Back in the days when Aavepyörä still had many more members with Heikki, Jani, Samu and me as the most active ones, we thought to keep the goa influenced tracks under a different project name. So I wrote two albums with Samu as Summamutikka.
I was pretty clueless when I did the original mastering, so the version of Taii Kayka released in the year 2000 ended up sounding pretty bad. People have been bugging me for a better version for years, “because the mp3 compression sounds bad”. Sorry to break all the illusions, but the audio quality versions sounded very thin, stuffed and crusty too…
Eventually I decided to remaster all the tracks with a more dynamic and three dimensional sound. I tried not to change anything in the tracks, but many elements that were buried in the mix are now better presented, and some which sounded a bit too much have been subdued a bit. Taii Kayka is the only track that has the composition changed a bit, and the version of Lohikäärmelaulu here is a slightly reworked 2002 version.
I know many people still like these albums, altough me the music makes blush a bit, it’s so out of control and in your face.

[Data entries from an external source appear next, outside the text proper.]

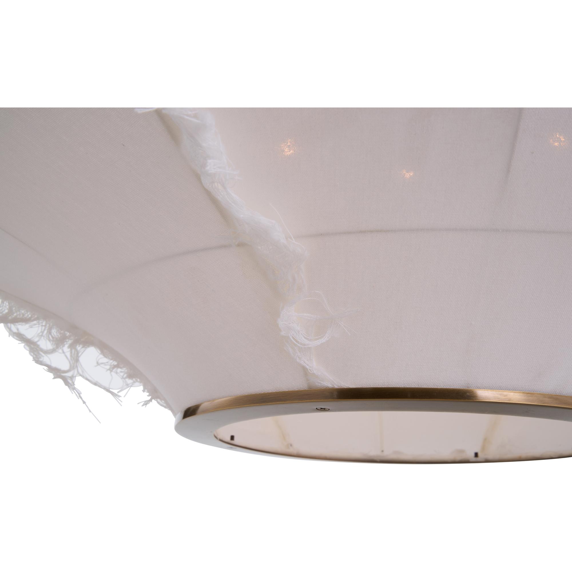 The Cassidy Pendant features a soft linen fabric shade, creating a warm and inviting glow with a delicate, handcrafted feel. Its organic shape and subtle texture bring effortless elegance to any space, making it a perfect statement lighting piece.
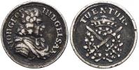 Malý žeton ke korunovaci na římského krále 26.1.1690 v Augsburku. Římská koruna, pod ní nápis / pod zářícím okem meč s vavřínovou ratolestí, opis. Ag 20 mm (1,72 g). Novák-II/X/B.35b. n. nedor., dr. škr.
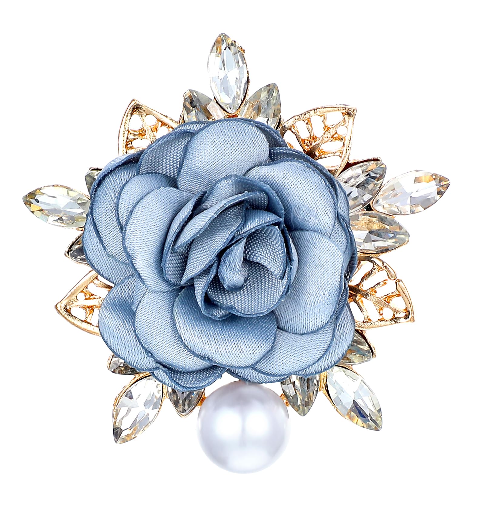 Broche de flores, broches azules de 2 pulgadas con perlas de cristal hechas a mano para mujeres, broches de flores grandes para mu
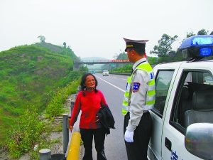 前天上午,高速路执法人员发现了沈孝莲,并送她到涪陵。 (重庆晨报 记者 杜海)

But anyway, it’s an unique album and part of the goa trance revival history. At that time the goa sound was practically dead, and all the scenesters kind of hated it. So singlehandedly (doublehandedly?) we decided to remedy the situation with Samu, and create some proper oldschool music. But as it often goes, what became of it was something else, because we could not escape our immediate influences and the spirit of times after all.

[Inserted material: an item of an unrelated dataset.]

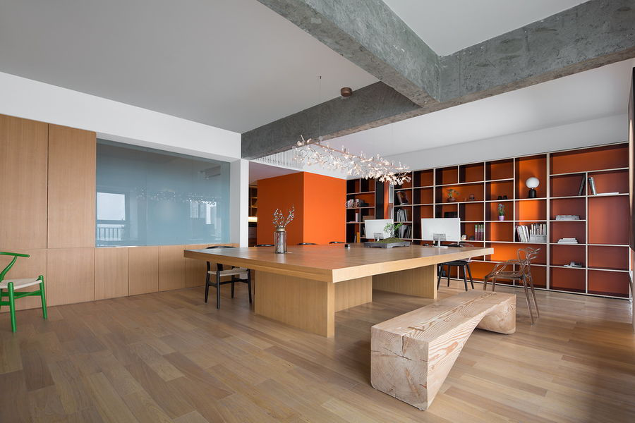 切換一個(gè)角度看看會(huì)議室內(nèi)部,整體以木材為裝飾主材,地面上淺淡的木地板配上木質(zhì)造型長凳,就算在討論時(shí)觀點(diǎn)再激烈,就算會(huì)議時(shí)間再冗長也能讓人放松下來。因?yàn)槟?,夠溫和?/p>

So here is it: my weird mixture of israeli nithzonot trance married with the Finnish forest psychedelic sound of the end of the 90s, hardcore acid trance, the trolls on mushrooms-sound of Samu, fragments of 8-bit SID music and chiptunes… With all the warts and crunchy bits.
The whole album was created during a period of six months in the year 2000 just after I got out of prison and was full of ideas after the “creative pause” enforced on me. All of the tracks except Luumusuu (which was written in Impulse Tracker 2) were created with the Dreamstation software, with some occasional external synth sounds. It’s very unstable now, and getting it to work properly on a 64-bit system seems impossible. So this was the last moment of saving the original stems before bitrot and the eventual “progress” of software would locked the originals up forever.
The only track that is the same version than on the original release is Luumusuu, which has only partial project files available anymore. Luckily it was also the track with originally the best mastering on the album, and altough a few things sorely calls for fixing on it, this version will have to do.